The Swedish system is very similar. The membership fee for the Swedish lifeboat service is 800 Swedish Kroner or better still 500 if one is over 65.

It is interesting to note that there is reciprocity between the Scandinavian systems so one needs only to join the one in the area most visited. May I encourage members cruising these areas to support whichever service is relevant. They also offer local advice and our experience of that encounter in Norway speaks for itself. Interestingly, I am told that the fuel problem is such that in busy areas of Sweden if there is no emergency, the lifeboat might not come out but instead a commercial tow, for which one pays, would be organized.
VHF channel 16 is monitored continually throughout the Swedish coastline as well as in Lakes Vänern, Vättern and Mälaren. Calls can also be made using DSC at the number 002653000. There is a special SAR operating channel, either 67 or 74, depending on your location in Sweden.
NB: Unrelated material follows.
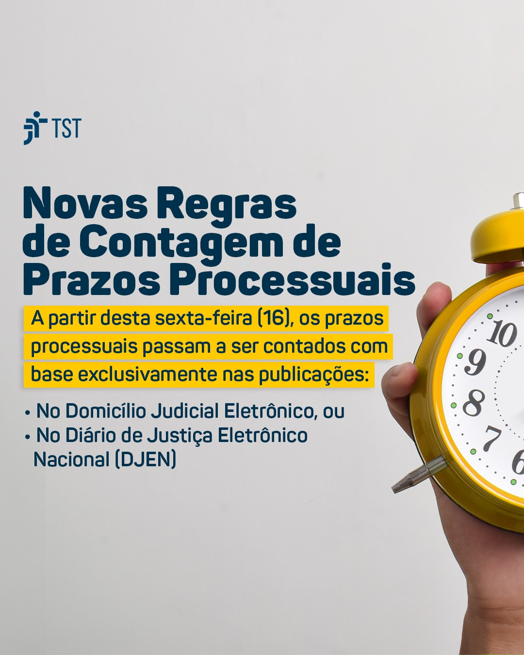 Novas regras para a contagem de prazos processuais começam a valer na sexta-feira, dia 16. Essas mudanças visam simplificar e tornar mais eficiente o andamento dos processos na Justiça. Com as novas diretrizes, a contagem dos prazos será feita de maneira mais clara, ajudando a evitar confusões e atrasos. É importante que todos os trabalhadores e associados do sindicato fiquem atentos a essas alterações, pois elas podem impactar diretamente a tramitação de processos que envolvem seus direitos. As novas regras buscam garantir que todos tenham um tratamento mais justo e ágil dentro do sistema judicial. Portanto, é fundamental que todos se informem sobre como essas mudanças podem afetar seus casos e estejam preparados para se adaptar a essa nova realidade.
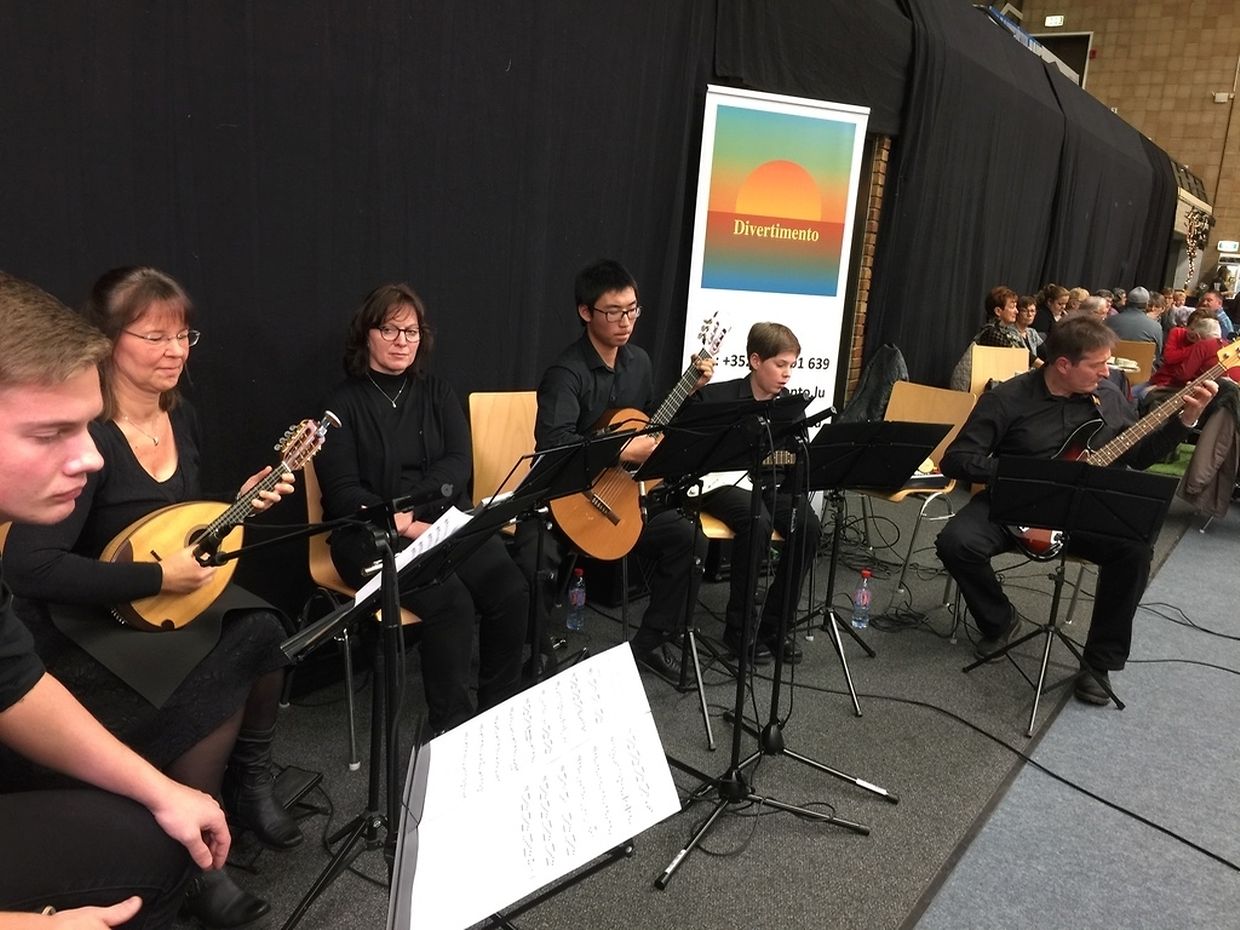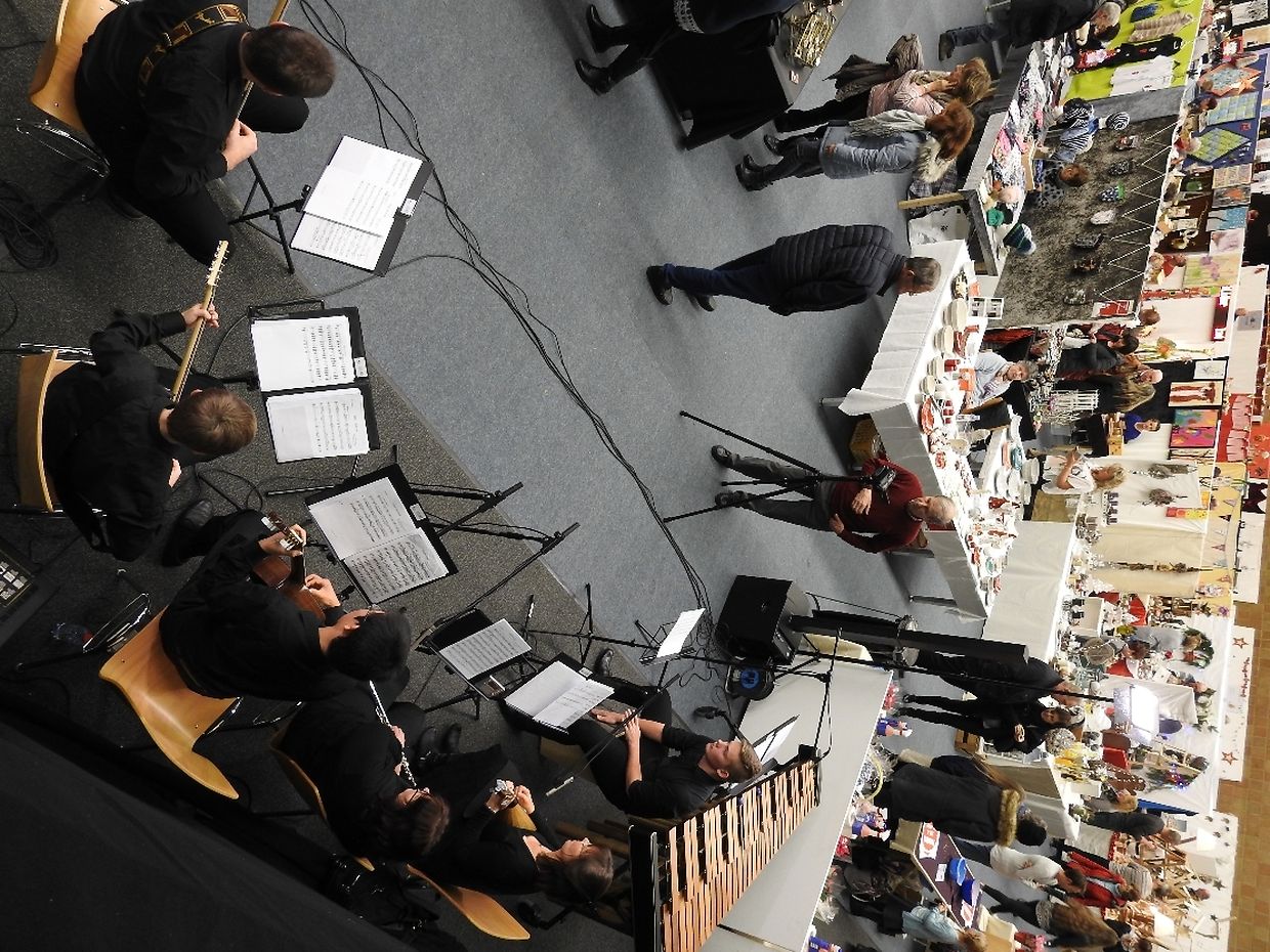 Den Auftakt der musikalischen Einlagen machte das Ensemble DIVERTIMENTO unter der Leitung von Präsidentin Isabelle Merlevede. Gespielt wurden bestens bekannte und gefällige Melodien, welche die vielen Besuchern des Kunstmarktes begeisterte. Rund 20 verschiedenen Melodien, eigens von Isabelle Merlevede arrangiert und aufs Ensemble zugeschnitten, ergänzten optimal die vorweihnachtliche Stimmung dieser gelungenen Veranstaltung. Mit „Sailing“ von Gavin Sutherland wurde gleich zu Beginn des Konzertes die richtige Stimmung geschaffen um die Besucher in ihren Bann zu ziehen.

The rescue system in Finland is different but efficient. There is a voluntary organization, but 70% of the rescue facilities are handled by coastguards who provide services free of charge.

All the Scandinavian services will give medical advice.

I know little of Russian facilities which are probably military based, but anecdotally have heard that the Finnish coastguards have an unwritten agreement to enter Russian waters a short distance in emergencies.

What do we ourselves do about the fuel situation? As much as possible, we strain diesel going in and have followed a local principle of installing a small hand pump which aspirates the bottom of the tank. Chastened, I now obsessively pull off a jar full every week just to inspect and sleep easier.

Calm seas and prosperous voyages everyone and to all those in Scandinavian waters, we look forward to meeting soon.